I've performed system balancing and design on countless exhaust systems in a wide variety of industries. I also have a thourough understanding of the physics, energy principles we are discussing throuhg my education and I design high efficiency industrial cyclones for my day job. Having said all this, I have never measured a noticeable increase in the air temp as it goes across a fan (very large fans included). If anything, the air is usually cooler and more directly correlates to the inlet air temp. To my knowledge, there is no accomodation in the ACGIH vent manual to account for air heating due to friction caused by the air moving through the duct or across the fan. I encourage you to prove me wrong through your gathering of emperical data just as my emperical data suggests otherwise.
Mike
To the OP.....often when I am sanding a project like I was yesterday, I will have my 3 HP DC running and hooked to my ROS and both of my Jet Air Filtration systems running too. It seems to keep the dust down pretty well.
And I don't care where the energy comes from or goes ...or what form it takes.......the 3 motors running....DC and 2 AFs creates a noticable rise in temperature in my well insulated shop.
Ken
So much to learn, so little time.....
I worked a few hours in my shop last Friday evening. Cyclone running most of that time and either the TS or the jointer/planer. I also had the industrial ceiling fan running. The air temp jumped somewhere between 5 and 10 degrees even though the outside temp fell a good 15 during that time. Should have opened a window.
The heat is noticeable near my filter at any time.
Of course it will. Let me ask you this - if the motor is 100% efficient, and we say that 100% of the electrical energy is converted to "work", where does that energy eventually go?
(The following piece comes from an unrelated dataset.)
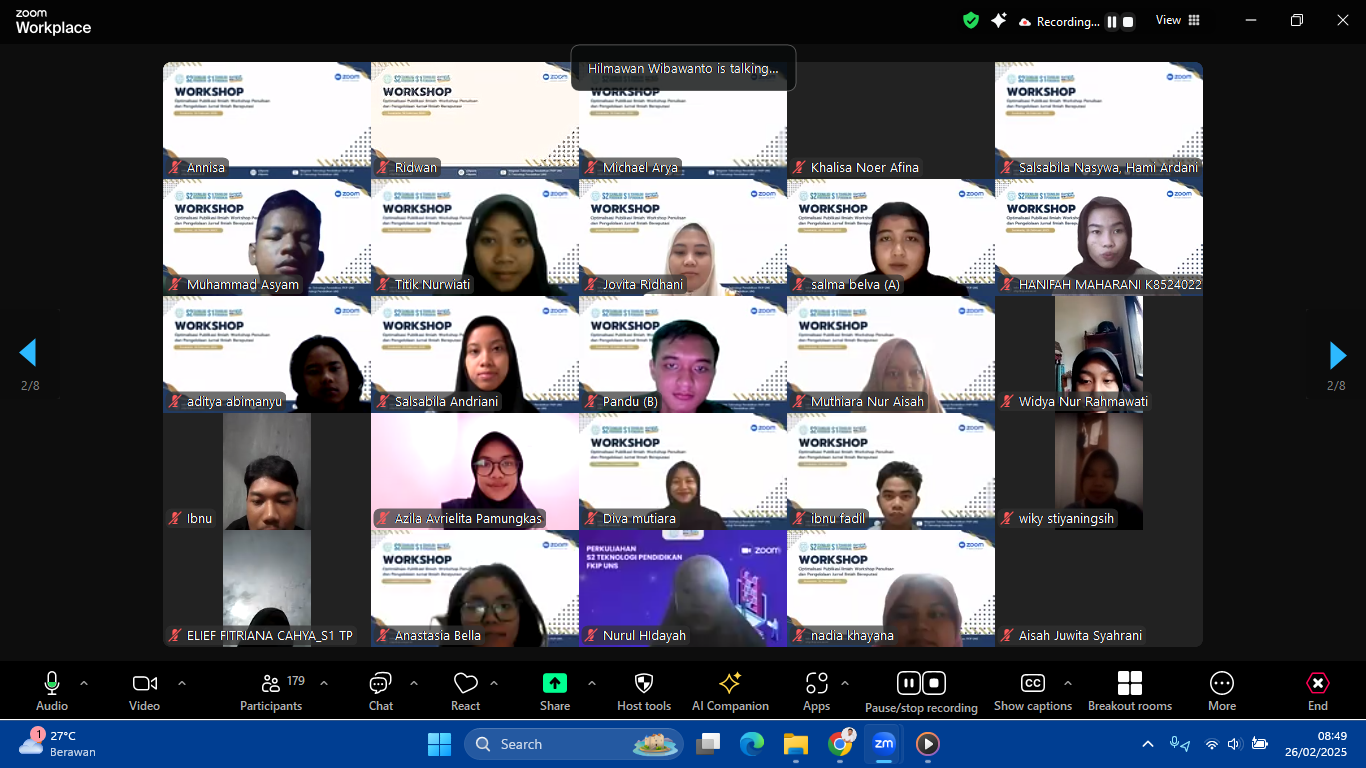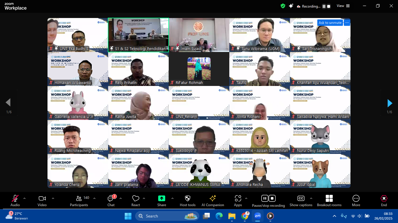 S1 FKIP UNS – Program Studi S1 Teknologi Pendidikan (S1TP) Fakultas Keguruan dan Ilmu Pendidikan (FKIP) Universitas Sebelas Maret (UNS) sukses menyelenggarakan Workshop Optimalisasi Publikasi Ilmiah: Penulisan dan Pengelolaan Jurnal Ilmiah Bereputasi pada Rabu, 26 Februari 2025. Workshop ini diadakan secara daring melalui Zoom Meeting dan dihadiri oleh dosen serta mahasiswa dari program S1 dan S2 Teknologi Pendidikan, serta mahasiswa dari program studi lain di FKIP UNS.

The air stops moving (gives up its kinetic energy), energy can't be destroyed - it must have gone somewhere, right? Where are you suggesting it goes?
Energy cannot be "turned" into work. Doing work on an object increases its potential energy or kinetic energy or something - but 100% of the applied energy gets turned into some other form of energy. Ultimately, it all goes to heat.
(FYI - I apologize to the OP for our little mini-hijack. It's always interesting to discuss these practical implications of physics with learned individuals)